So it is goodbye dear lovely friend, my blessing for over nine magical years. Not long enough but there is no time that would have been long enough. I am eternally grateful for every moment we were given together. And yet, the hole in my life is too big for me to grasp – he was with me during every moment of the day and now ………………..
You will always be in my heart, sweet Spiritdog.  
We will re-unite on the other side. Will find out just how when my time comes.
A baby rabbit is eating seeds outside my window.
Life goes on.
Love to you all
John

My middle son, Stephan, died on August 31, 2020, one year ago.

Before that, I lost dear friends, Mark Schelereth, and a couple of years before that, Steve Kridelbaugh, and recently, his wife, Linda.

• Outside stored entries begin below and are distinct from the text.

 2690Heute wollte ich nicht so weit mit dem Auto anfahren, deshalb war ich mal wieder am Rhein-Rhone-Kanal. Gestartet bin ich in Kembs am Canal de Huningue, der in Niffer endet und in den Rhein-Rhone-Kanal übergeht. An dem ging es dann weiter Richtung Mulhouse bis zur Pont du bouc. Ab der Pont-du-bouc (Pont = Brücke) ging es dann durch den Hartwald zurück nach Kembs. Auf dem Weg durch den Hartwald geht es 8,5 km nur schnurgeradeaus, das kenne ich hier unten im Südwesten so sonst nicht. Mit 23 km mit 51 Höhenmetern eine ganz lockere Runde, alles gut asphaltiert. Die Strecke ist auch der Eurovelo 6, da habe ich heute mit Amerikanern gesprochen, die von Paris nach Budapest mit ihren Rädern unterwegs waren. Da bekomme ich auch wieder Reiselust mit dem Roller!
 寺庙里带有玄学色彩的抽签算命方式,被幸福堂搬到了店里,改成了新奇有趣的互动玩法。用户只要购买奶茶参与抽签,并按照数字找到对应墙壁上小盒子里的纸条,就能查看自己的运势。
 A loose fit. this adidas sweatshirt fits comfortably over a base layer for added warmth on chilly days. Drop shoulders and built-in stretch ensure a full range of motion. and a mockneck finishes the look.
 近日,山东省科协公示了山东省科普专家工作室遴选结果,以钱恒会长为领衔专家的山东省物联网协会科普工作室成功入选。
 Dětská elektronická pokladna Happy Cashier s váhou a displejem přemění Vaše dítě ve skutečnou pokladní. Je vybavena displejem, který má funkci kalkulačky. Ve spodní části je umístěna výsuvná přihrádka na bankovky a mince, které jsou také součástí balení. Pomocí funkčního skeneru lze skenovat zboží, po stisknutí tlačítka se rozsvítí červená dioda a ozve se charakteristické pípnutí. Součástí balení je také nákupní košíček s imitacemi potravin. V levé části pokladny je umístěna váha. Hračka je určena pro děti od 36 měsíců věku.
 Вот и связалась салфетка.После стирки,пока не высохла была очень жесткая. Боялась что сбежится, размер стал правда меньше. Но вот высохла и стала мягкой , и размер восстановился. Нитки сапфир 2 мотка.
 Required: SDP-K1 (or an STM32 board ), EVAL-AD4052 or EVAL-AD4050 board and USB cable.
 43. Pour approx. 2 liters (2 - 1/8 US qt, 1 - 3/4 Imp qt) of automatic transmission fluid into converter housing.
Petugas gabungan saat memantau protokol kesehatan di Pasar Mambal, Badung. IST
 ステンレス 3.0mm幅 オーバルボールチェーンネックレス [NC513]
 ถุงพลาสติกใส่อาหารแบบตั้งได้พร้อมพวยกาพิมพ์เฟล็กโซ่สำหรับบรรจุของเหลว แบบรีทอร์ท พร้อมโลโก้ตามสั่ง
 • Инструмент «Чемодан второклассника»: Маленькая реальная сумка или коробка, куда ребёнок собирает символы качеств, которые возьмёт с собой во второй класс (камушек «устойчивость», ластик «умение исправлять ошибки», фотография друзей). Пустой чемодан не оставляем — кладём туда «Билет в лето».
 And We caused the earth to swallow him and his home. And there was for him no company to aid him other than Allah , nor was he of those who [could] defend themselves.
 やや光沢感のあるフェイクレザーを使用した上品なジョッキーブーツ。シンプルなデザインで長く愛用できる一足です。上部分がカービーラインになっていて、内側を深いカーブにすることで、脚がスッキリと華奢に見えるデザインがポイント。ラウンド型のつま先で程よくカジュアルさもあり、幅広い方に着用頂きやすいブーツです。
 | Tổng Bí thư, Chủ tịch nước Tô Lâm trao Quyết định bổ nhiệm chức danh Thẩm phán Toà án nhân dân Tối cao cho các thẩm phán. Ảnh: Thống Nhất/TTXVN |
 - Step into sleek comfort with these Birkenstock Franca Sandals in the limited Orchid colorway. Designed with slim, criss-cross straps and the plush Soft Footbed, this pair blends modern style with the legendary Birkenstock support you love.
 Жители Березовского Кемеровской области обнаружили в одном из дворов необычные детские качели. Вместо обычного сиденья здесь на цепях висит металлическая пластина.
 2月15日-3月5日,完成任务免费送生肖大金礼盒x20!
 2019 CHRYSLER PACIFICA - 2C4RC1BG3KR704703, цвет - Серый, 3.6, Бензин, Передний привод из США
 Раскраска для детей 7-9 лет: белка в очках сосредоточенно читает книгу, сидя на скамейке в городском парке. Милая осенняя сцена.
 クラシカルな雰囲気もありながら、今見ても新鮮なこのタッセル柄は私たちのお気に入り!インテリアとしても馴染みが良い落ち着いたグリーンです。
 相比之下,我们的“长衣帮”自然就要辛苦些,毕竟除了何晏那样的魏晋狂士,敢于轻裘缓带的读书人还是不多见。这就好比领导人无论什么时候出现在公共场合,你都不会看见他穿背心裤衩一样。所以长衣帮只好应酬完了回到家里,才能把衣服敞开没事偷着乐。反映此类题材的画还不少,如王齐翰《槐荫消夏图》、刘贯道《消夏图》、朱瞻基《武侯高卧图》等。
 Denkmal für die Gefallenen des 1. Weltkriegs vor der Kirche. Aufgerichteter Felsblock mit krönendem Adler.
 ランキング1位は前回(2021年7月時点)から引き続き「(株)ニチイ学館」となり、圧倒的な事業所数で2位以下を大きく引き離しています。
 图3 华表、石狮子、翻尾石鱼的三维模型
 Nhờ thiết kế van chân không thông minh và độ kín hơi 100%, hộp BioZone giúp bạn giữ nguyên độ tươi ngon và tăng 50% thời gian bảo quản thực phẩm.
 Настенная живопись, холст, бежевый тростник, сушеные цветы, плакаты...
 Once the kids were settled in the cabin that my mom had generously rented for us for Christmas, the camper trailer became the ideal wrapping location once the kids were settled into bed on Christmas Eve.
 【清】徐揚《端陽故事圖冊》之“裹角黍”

The downside of getting old and still being alive is the loss of friends and family as they peel off, one by one.

But, maybe not so oddly, of all of these lovely souls, I miss Spirit most of all. It is the simple practical reality that he was at the center of my daily life; friends and family lived far away and were not an integral part of my daily life – though I love them all dearly.

Spirit and I were together essentially every minute of every day for 9 years. I can still see him the day we first met, the day he chose me, a seven week old puppy who rolled over on his back between my legs so I could scratch his little belly – and as he would do so often during the years that followed.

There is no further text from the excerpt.